Exercise inputs section start

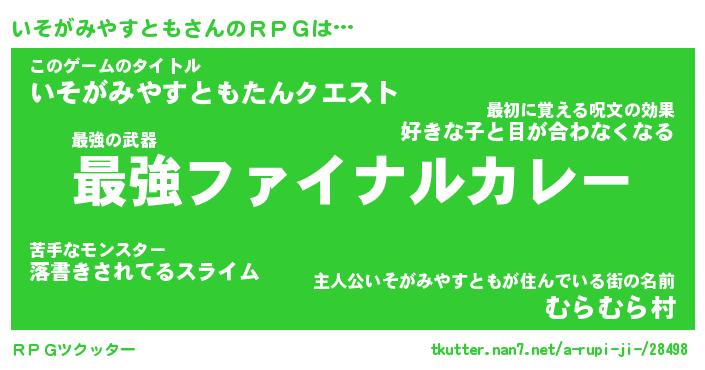 | 男性向けラノベタイトル風あだ名 | 『イソガミヤストモアートオンライン』 |
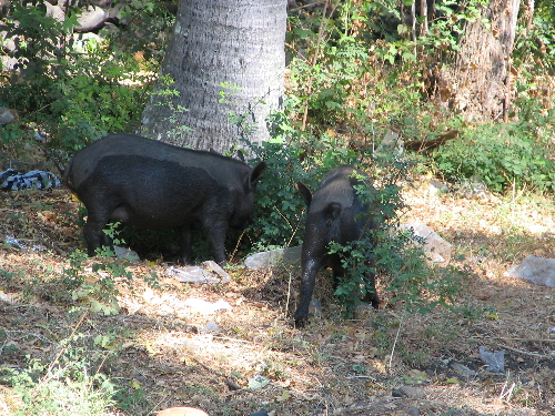 バリの黒豚がうろちょろ...鶏もうろちょろ...
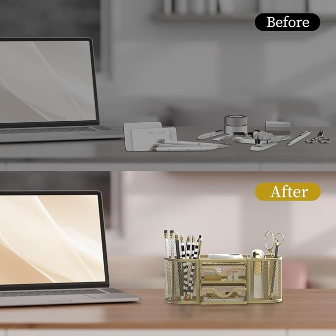 - [Ideal Choice] Our pencil holder for the desk have more drawers and pen holders to store, bringing customers a better experience .
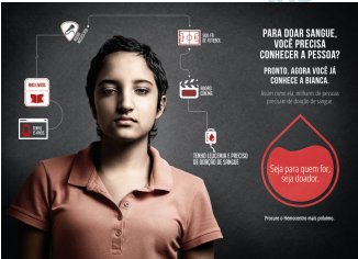Na campanha publicitária, há uma tentativa de sensibilizar o público-alvo, visando levá-lo à doação de sangue. Analisando a estratégia argumentativa utilizada, percebe-se que
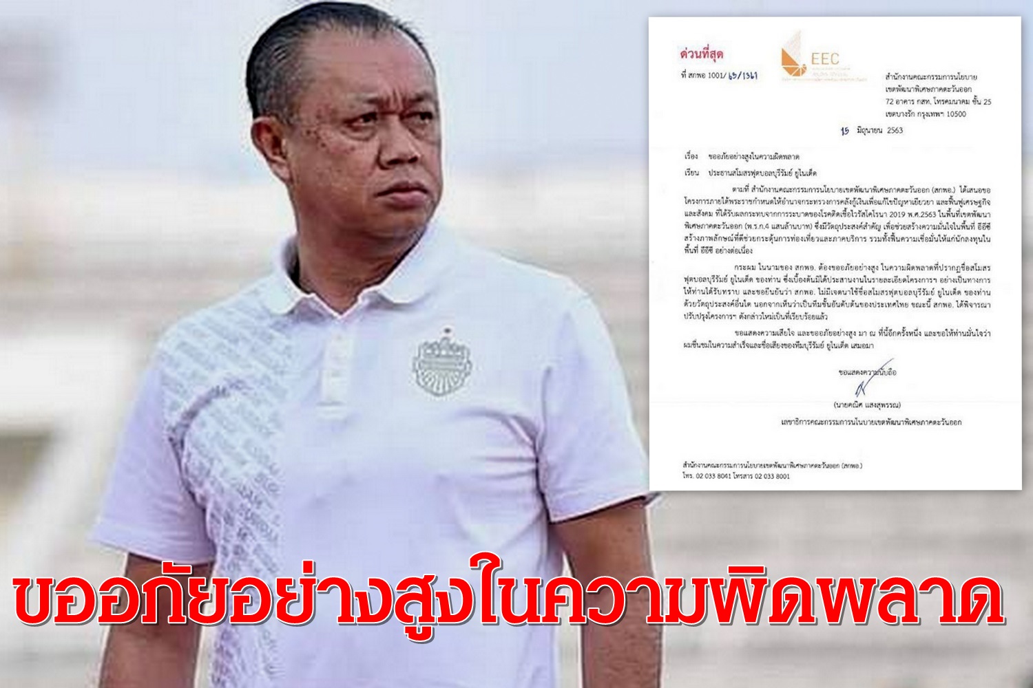 กระผมในนามของ สกพอ.ต้องขออภัยอย่างสูงในความผิดพลาดที่ปรากฏชื่อสโมสร ฟุตบอลบุรีรัมย์ยูไนเต็ดของท่าน ซึ่งเบื้องต้นมิได้ประสานงานในรายละเอียดโครงการอย่างเป็นทางการให้ท่านได้รับทราบ และขอยืนยันว่า สกพอ.ไม่มีเจตนาใช้ชื่อสโมสรฟุตบอลบุรีรัมย์ยูไนเต็ด ของท่านด้วยวัตถุประสงค์อื่นใด นอกจากเห็นว่าเป็นทีมชั้นอันดับต้นของประเทศไทย ขณะนี้ สกพอ.ได้พิจารณาปรับปรุงโครงการดังกล่าวใหม่เป็นที่เรียบร้อยแล้ว จึงขอแสดงความเสียใจและขออภัยอย่างสูง มาณที่นี้อีกครั้งหนึ่ง และขอให้ท่านมั่นใจว่า ผมชื่นชมในความสำเร็จและชื่อเสียงของทีมบุรีรัมย์ยูไนเต็ดเสมอมา

Exercise inputs section end

Try it
Copy exactly the lines of the entries above from the one containing "- [Ideal Choice]" through the one containing "Na campanha publicitária, há". Both end lines count; pictures do not.

Answer for the task
 - [Ideal Choice] Our pencil holder for the desk have more drawers and pen holders to store, bringing customers a better experience .
Na campanha publicitária, há uma tentativa de sensibilizar o público-alvo, visando levá-lo à doação de sangue. Analisando a estratégia argumentativa utilizada, percebe-se que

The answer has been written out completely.